Brad Sherman, 62, an 11-term Democratic House member from Southern California, and 69-year-old Al Green — a Texas Democrat in his seventh House term — filed the articles Wednesday morning. Sherman issued a statement saying that he expects Republicans to eventually sign on to the impeachment effort against Trump as new evidence emerges.
“Filing Articles of Impeachment is the first step on a very long road,” Sherman said. “But if the impulsive incompetency continues, then eventually — many, many months from now — Republicans will join the impeachment effort.”
Green had earlier announced his intent to start impeachment proceedings against Trump, but he has now signed on to Sherman’s push which began when the California representative circulated a draft of the articles on June 12, one month ago. That draft can be read at this link.
According to Sherman’s statement, Trump’s firing on May 9 of Federal Bureau of Investigation Director James Comey, and the conversations prior to the firing in which Trump apparently pressured Comey to cease the FBI’s investigation of Trump’s former national security adviser, Michael Flynn, are hard evidence that supports an obstruction of justice charge.
For a president, or any officer of the federal government, to be removed by impeachment, the House must approve the articles of impeachment by a simple majority vote. The articles then go to the Senate, which holds a trial. But before making it to the House floor, articles of impeachment must first be approved by the House Committee on the Judiciary, a committee that Republicans currently hold a majority in.

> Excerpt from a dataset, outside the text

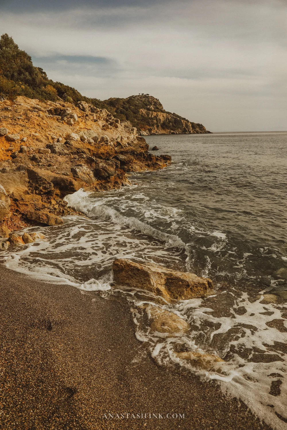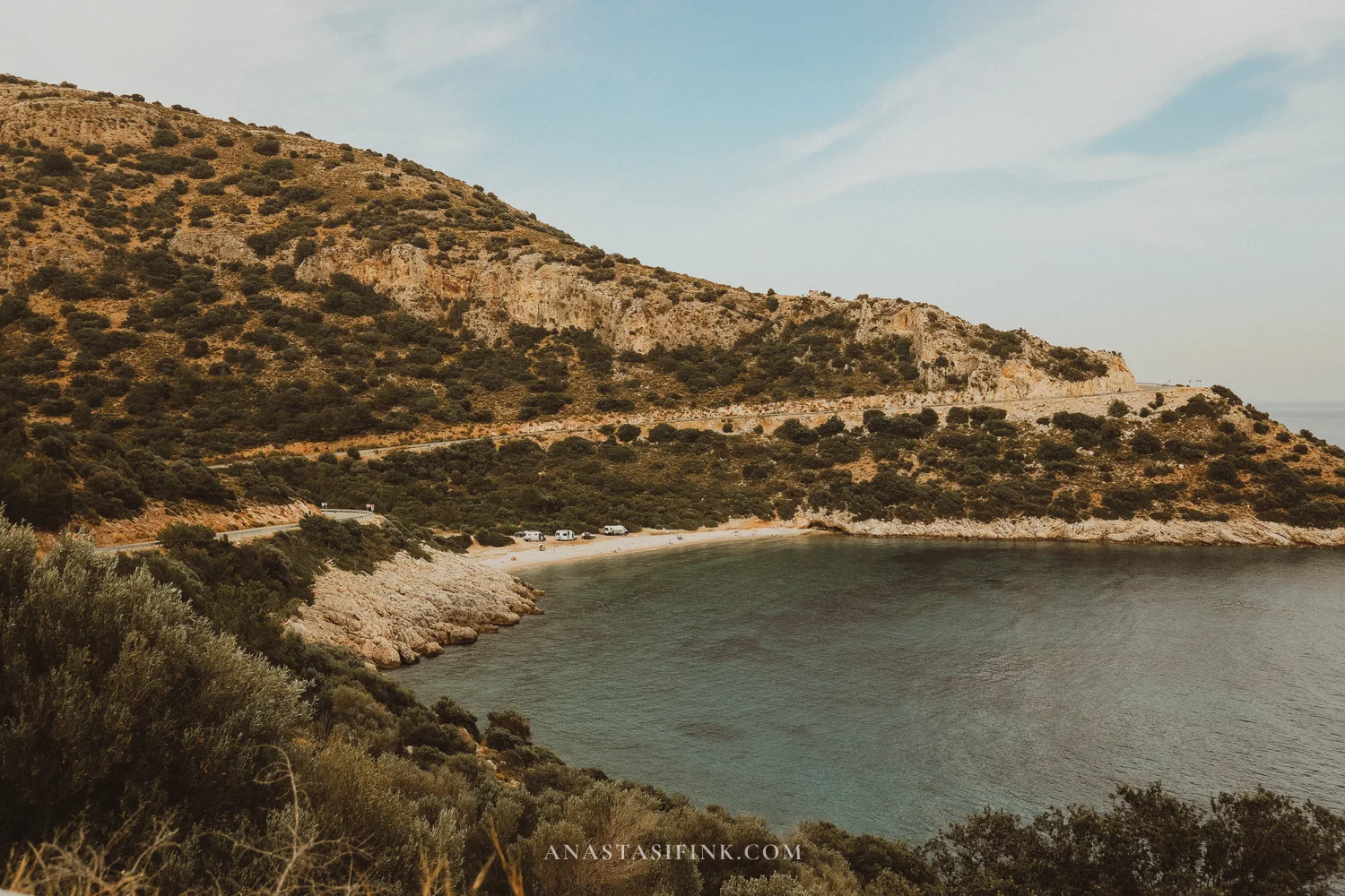 After the old town, we hopped back on the bike and kept riding along the peninsula toward the beaches. The road winds through the mountains with the sea and bays spread out below. Every few kilometers there’s a turnoff leading down to another beach.

To convict a president requires a two-thirds vote of all participating senators. In other words, if all 100 senators take part in the vote, 67 must vote in favor of conviction, with a separate vote taken for each article of impeachment filed. If convicted, the president would then be removed from office.
But even passing the articles of impeachment through the House by a simple majority will likely be impossible with Republicans holding 249 House seats to 194 held by Democrats.